Okay what really happens in the last half: Kvothe is apprenticed to a powerful man named Alveron who is richer than the king. He saves this man’s life and scores him a wife, earning total gratitude and a random mission to the middle of the forest to take care of bandits.
The bandits take a very long time to find, in the meantime we are treated to campfire stories, and Kvothe learns to be a woodsman and also takes an interest in one of his companions who is a mercenary from a mysterious and strange people called the Adem. The Adem are prohibited from teaching any outsiders their secret customs, but Kvothe’s annoying pestering pays off and he begins to learn. When the bandits are finally tracked down, Kvothe really outdoes himself and scares the crap out of all his fellows by blowing the whole place up with lightning. The really exciting part though is that for no reason whatsoever, the bandit leader is one of the Chandrian. The crazy mythic killers this whole story is wrapped around, palling around in the woods raiding caravans.

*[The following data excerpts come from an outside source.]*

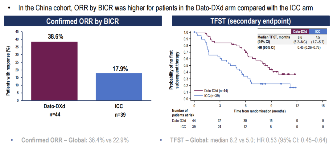 Dato-DXd组较ICC组ORR提升近1倍(38.6%vs17.9%),至首次后续治疗时间(TFST)也显著延长(8.6个月vs 4.5个月,HR 0.45,95%CI:0.26-0.76)。
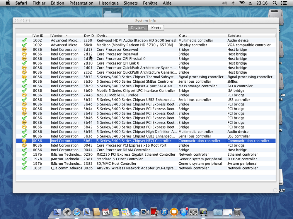 My Wifi Card Atheros AR9285 and Sound Card ACL269 run with kext.
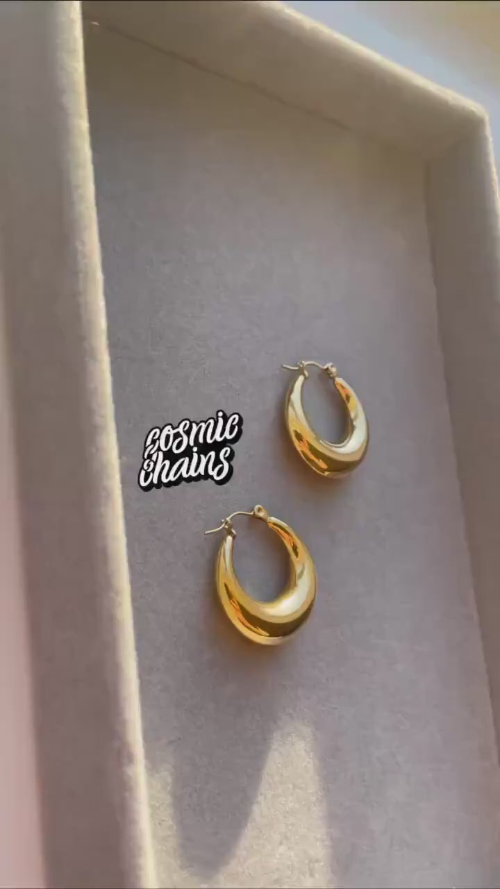 Give your style a playful upgrade with the fabulous Medium Gold Hoop Earrings in Gold. They feature a tapered hoop design. These Medium Gold Hoop Earrings are available in 18k gold plating with a stainless steel base, add a sprinkle of laid-back glam to any outfit. Perfect for jazzing up your everyday look.
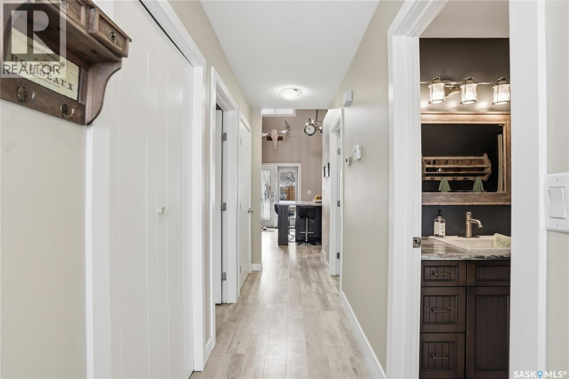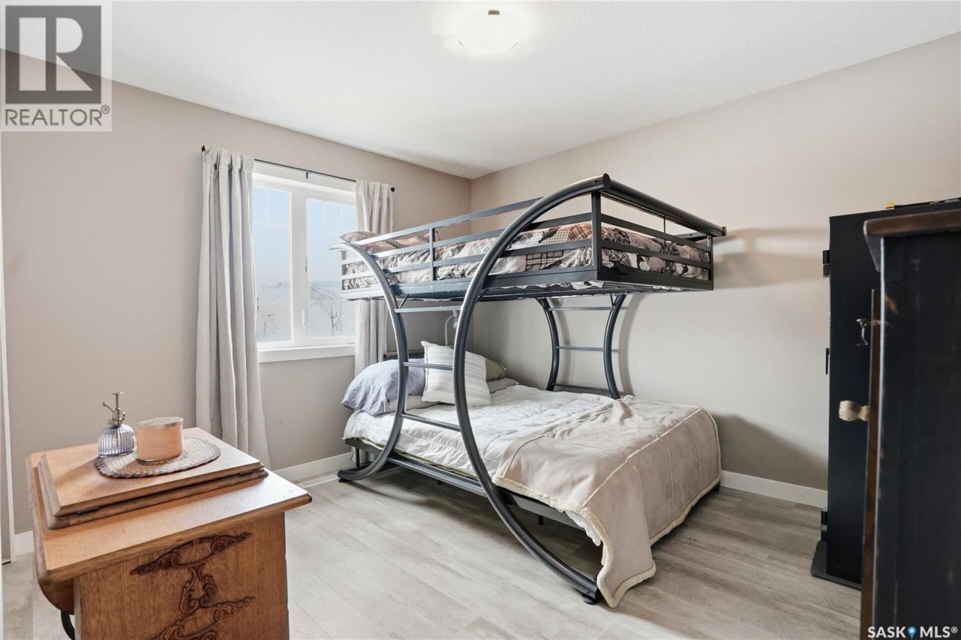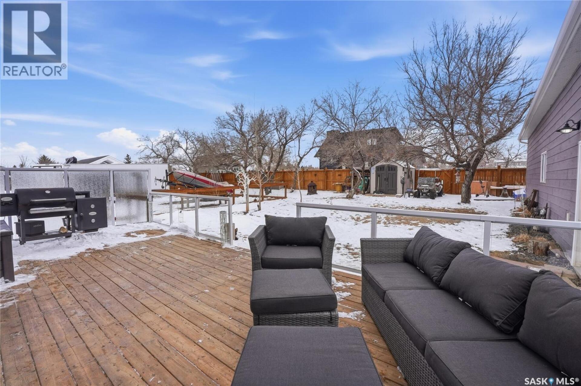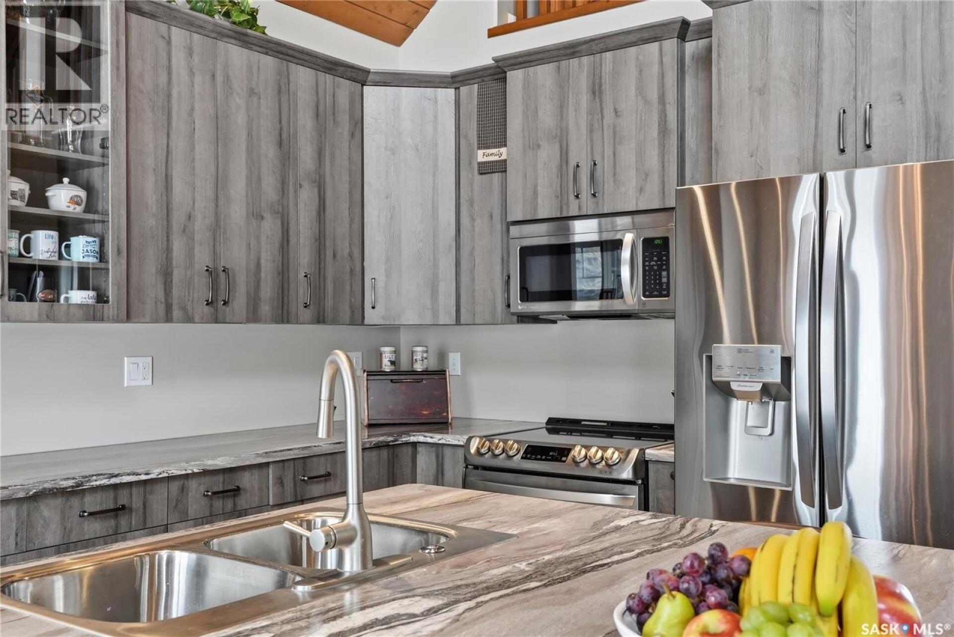 Welcome to this 4-season cabin at Sandy Shores Resort on Lake Diefenbaker, just 1 hour from Saskatoon via Highway 219. Situated on an extra-large titled corner lot 120ft x 131ft (double the width of a standard lot - can be subdivided), this property offers mature trees, exceptional space, and plenty of parking for boats, vehicles, and guests. A standout feature is the heated 2-car garage/shop with a 10’9” overhead door, ideal for storing a pontoon or recreational equipment. The fully fenced yard includes multiple access gates for added convenience. Inside, the bungalow-style home features 3 bedrooms and 2 bathrooms, including a lofted primary suite with walk-in closet and 4-piece ensuite bathroom. The spacious kitchen offers abundant cabinetry, stainless steel appliances (including dishwasher), and a large island, with an optional smaller countertop available. Vinyl plank flooring, in-home laundry, and a patio door leading to a large back deck complete the home. Central air conditioning ensures comfort during warmer months. Built with ICF foundation walls and equipped with a carbon filtration/de-chlorination system, this home combines durability, efficiency, and lifestyle. Enjoy resort-style living with access to a marina, nearby boat launch, sandy beaches, playground, sport court, and walking trails, along with treated water and year-round maintained roads. Lake Diefenbaker is known for its excellent fishing, boating, and sailing, making this an ideal destination for outdoor enthusiasts and year-round recreation. Call your favourite realtor today and book your private tour! (29586001)

Next up, the mythical temptress Felurian. Naked goddess on a rock in the moonlight, that’s sure a new one! Oh wait I remember she was mentioned on the back of the first book, okay interest piqued. Oh jeezzz. Nearly all the next hundred pages read like a twelve-year old boy’s fantasy. Kvothe is a virgin. Nothing explicit, but they make love on and on and on in the twilight of the Fae. It felt like much longer than that. Felurian hates for any mortal man to be the first to leave, so she normally loves them to death. Kvothe escapes this dastardly fate with a promise to return and a sweet cape made from shadows. And there was literally no point to that section for me.
Last of all Kvothe travels far and away to the harsh land of the Adem to learn their ways. This is very tough since they don’t want to accept him, but Kvothe has a big mouth and an unending supply of witticisms and so he graduates from this school of thought. It reminded me very very much of Rand going to the Aiel in Robert Jordan’s Wheel of Time series. Very much. So, really the book drops off right there as Kvothe gets back to the University swollen with new life experience, and more darkness tucked under his belt. By my lazy calculations he is about sixteen years old now. His partially self-crafted legend is growing, and how in the world is this ever going to conclude in one more book?

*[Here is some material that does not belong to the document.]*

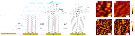 The fabrication steps of the sensing platform. Step i, self-assembly of HDT monolayer. Step ii, intercalation of Dd-OT molecule in the HDT SAM. Step iii, OT-Zn2+ complexation. Influence of zinc ion binding on the morphology and the stiffening of the layer: AFM topography analysis of HDT-Dd-OT (Ra = 1.05 ± 0.09 nm), HDT-Dd-OT-Zn2+ (Ra = 0.52 ± 0.05 nm), and slope of force–distance images of HDT-Dd-OT and HDT-Dd-OT-Zn2+ []. Reprinted with permission []. Copyright 2021, Scientific Reports.
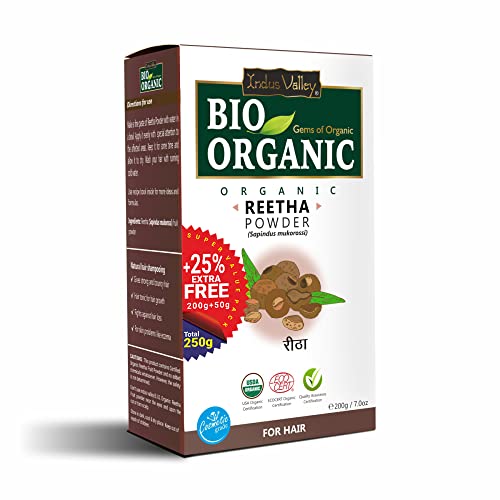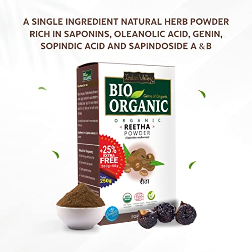 INDUS VALLEY Bio Organic Reetha Powder | Sapindus mukorossi | 100% Organic & Chemical Free Skin Cleanser - 200gm+50gm

I know I didn’t make it sound very exciting, but it was very readable (twice!) and the most solid believable fantasy imaginable. Rooted in a world like ours with a mythical past, it’s easy to imagine yourself walking and talking with these characters. This is not rushed fiction, it’s carefully and methodically built fiction. That’s why even if I feel this book wandered, I wouldn’t hesitate to recommend it and I trust the author to give us a fantastic ending sometime soon. I hope.